Who has two green thumbs and are looking to make a difference? College students, that’s who.
Although First Lady Michelle Obama has recently taken the gardening spotlight with the release of her new book, American Grown, college campuses across the country have engaged in an initiative similar to the First Lady’s to educate college-aged students about the importance of locally grown food from both an environmental and nutritional standpoint.
Madaline Goldstein, a senior at Northwestern University, recalls reading New York Times columnist Thomas L. Friedman’s Hot, Flat, and Crowded, as part of Northwestern’s ‘One Book One Northwestern’ campaign which encourages incoming freshman to participate in discourse concerning a current issue in society.
Friedman’s book takes a look at two pressing problems: America’s loss of purpose in the post 9/11 era and the global environmental crisis. Students and faculty at Northwestern sought to do their part in remedying these problems and established the Wild Roots Garden.
“To address climate change and greenhouse gases, students, professors and departments came together and we started a small garden to address one component of climate change — food sources,” Goldstein said. “We want NU members to see where food comes from, the processes that take place for food to grow and how doable it is to grow food.”
An interest in farming and food sustainability was also a catalyst for the development of the Smith College community garden, explained Smith senior Laura Sheys.
Sheys, who is a studio art major, had never had the opportunity to garden and learn about homegrown food production prior to arriving at Smith, although it is something that interests her.
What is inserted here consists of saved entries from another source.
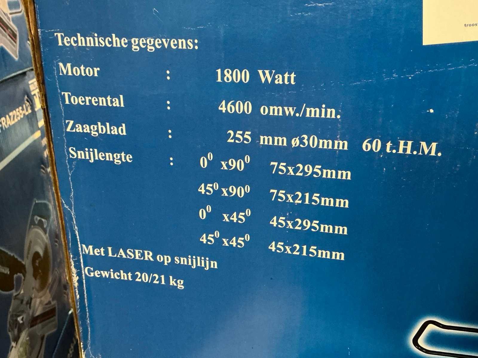 Ongebruikt in doos. Merk: Fremark Type: FRAZ255-L2 Zaagblad Ø: 255mm Motorvermogen (kW): 1.8kW Aansluiting: 230V
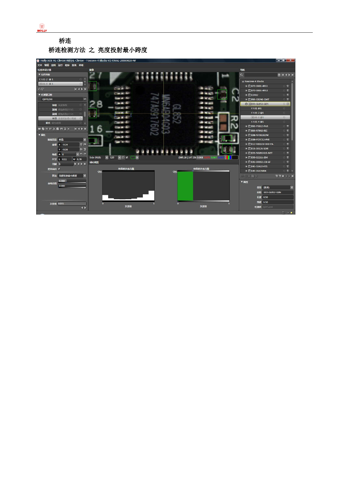 数值相对较小;当 IC 引脚间有焊锡横跨桥连时,检测窗口内有亮边贯穿,则结果数值相对较大。
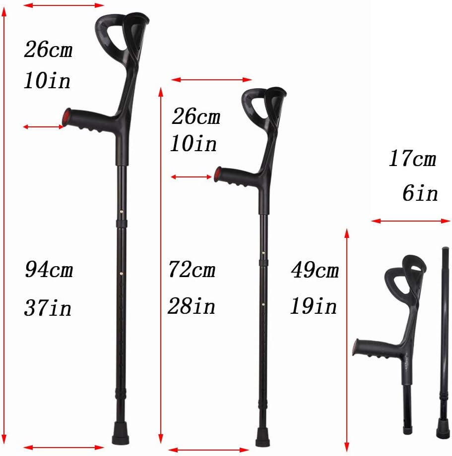 Lightweight Foldable Forearm Crutch, Aluminum Walking Stick,Height Adjustable, Ergonomic Handle with Comfortable Grip 2ZG-02BM (Black)
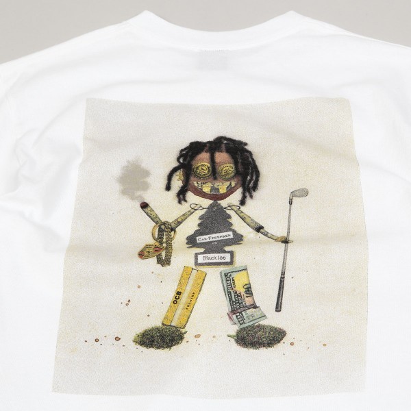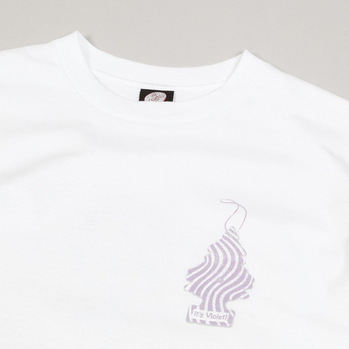 Triko Violet Skateboards s názvem Kader Sylla Trash Doll Tee v bílé barvě. Pohodlný střih s delšími rukávy a kulatým, žebrovaným límečkem. Na levé straně prsou malý stromeček do auta s nápisem It's Violet a na zádech potisk koláže s postavičkou Kadera. Grafiku vytvořil Aurel Schmidt. Tištěno v USA. Vyrobeno ze 100% bavlny.
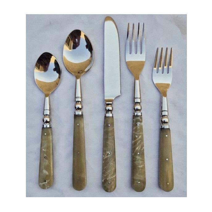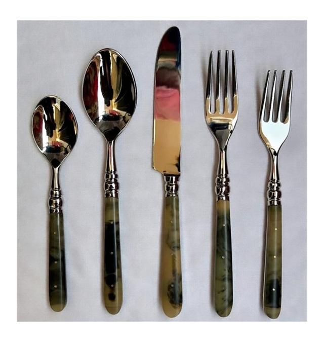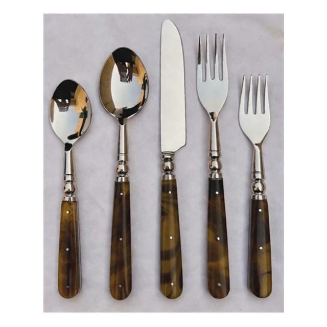 Juego de cubiertos de acero inoxidable de último diseño con mango de resina, cuchara para postre, tenedor para pescado, juego de cuchillos, cubiertos pulidos a espejo para la mesa
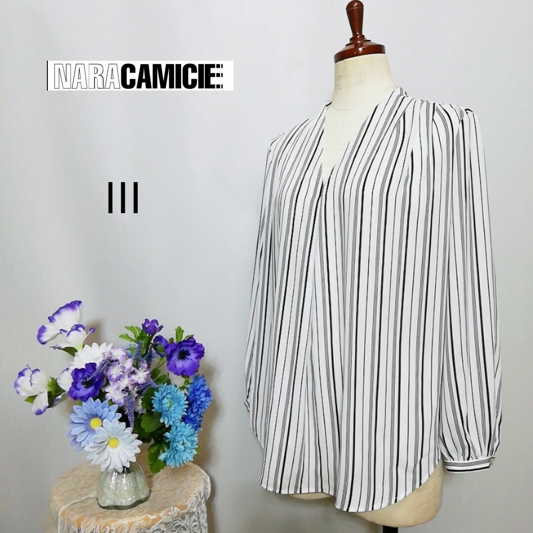 - 極上美品 ナラカミーチェ 長袖ブラウス ストライプ柄 LLサイズ
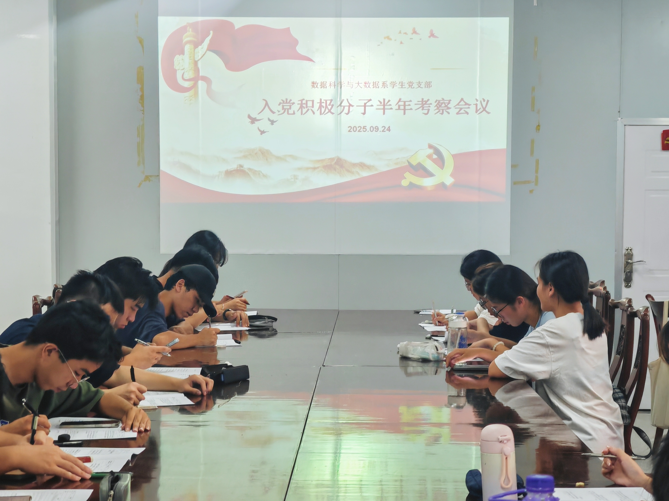 2025年9月24日,数据科学与大数据系员工党支部于泽钏楼四楼会议室开展入党积极分子半年考察会议暨主题教育专题党课。党支部书记庄秋荣老师等15名党员及25名入党积极分子参与此次大会。
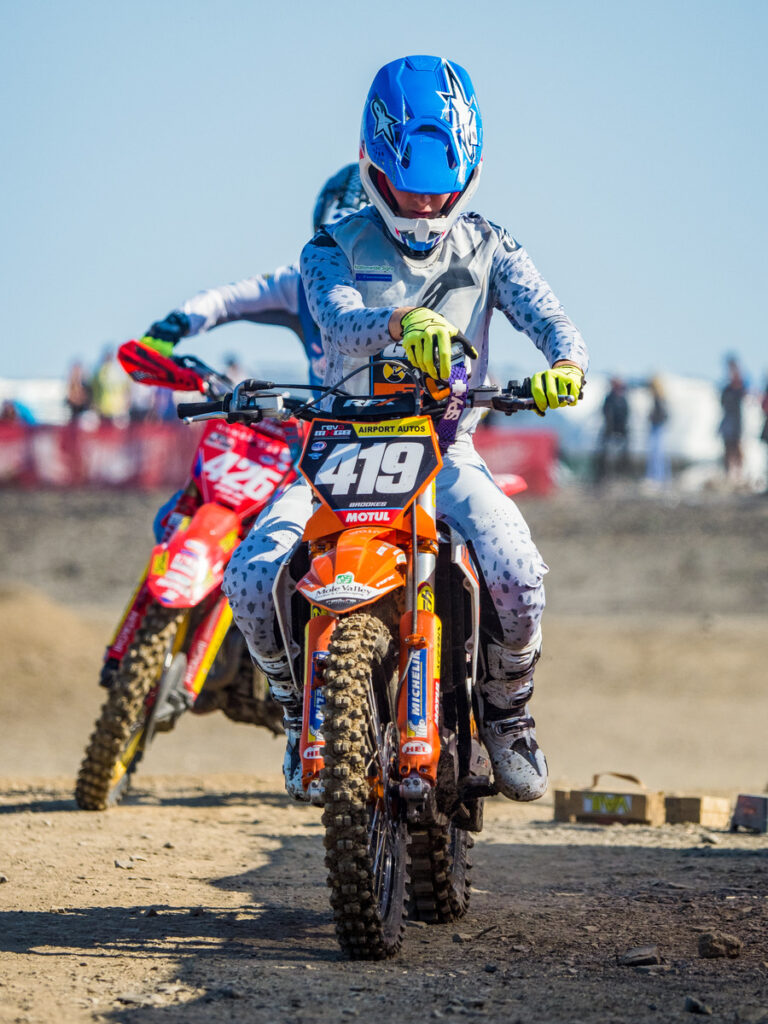 For Blake, this weekend like many others so far this year, was about building. In his rookie year on the Big Wheel 85, he is continuously adapting to the bigger bike, as well as racing faster riders. Qualifying 5th gave Blake a good gate pick for the races, however his starts on Saturday forced him to work hard, coming through the pack. In Moto 1 & 2, Blake found himself outside the top 20, fighting for position to claw back some points. He rode very well, passing a large amount of riders, and crossing the line in 8th and 7th in his respective Moto’s.

Because of the garden, Sheys is able to further develop her interest in plant science and sustainability -– something she probably wouldn’t be learning as an art major.
Like the Wild Roots Garden at NU, Sheys describes Smith’s community garden as primarily an educational tool for the student body.
“Everyone I talk to about the garden is really excited about it being here — I think that having a garden on campus that students have built themselves gives people a sense of ownership,” Sheys said.
“Academic classes are really connected to the garden too. Students have done special studies about the garden and classes in landscape studies, horticulture, art, engineering and environmental science can relate to the garden and fulfill a need of hands-on learning that fits in really well with what students are doing in the classroom.”
In addition to serving as an educational tool for students in terms of climate change and sustainability, community
gardens also serve the surrounding community as a local food source for those in need.
The Farm at Stonehill College was established in February 2011 to do just that.
“We donate 100% of our organically grown produce to organizations that distribute food to our neighbors in need,” said Farm Manager Bridget Meigs. “In our first season we grew and donated over 12,000 pounds to over 3,000 individuals through three main partners in Brockton, Mass. which has areas that have been designated as ‘food deserts’ — areas that have limited access to fresh and affordable food.”
Student volunteers at The Farm noticed the immediate impact the community garden has had on the campus community — an impact seen at Northwestern, Smith and at the multitude of campuses across the country.
“Students are able to grapple with the issues of hunger and food access in a way that educates the students and benefits the greater community,” Stonehill junior Greg Szczesuil said.
While the gardening initiative at colleges and by the First Lady certainly brings awareness to a pressing issue in the country, Goldstein believes that more can be done.
“A garden program can be extended to other government buildings, and on a legislative level, the next Farm Bill could increase subsidies to vegetable and fruit farmers,” she said.
So, while many will be flocking to the book shelves to read about the First Lady’s garden initiative and join in on the sustainable food conversation for the first time, our nation’s college students will be continuing the conversation.
They’re growing more than just vegetables and produce they’re growing the nation’s environmental future, one seed at a time.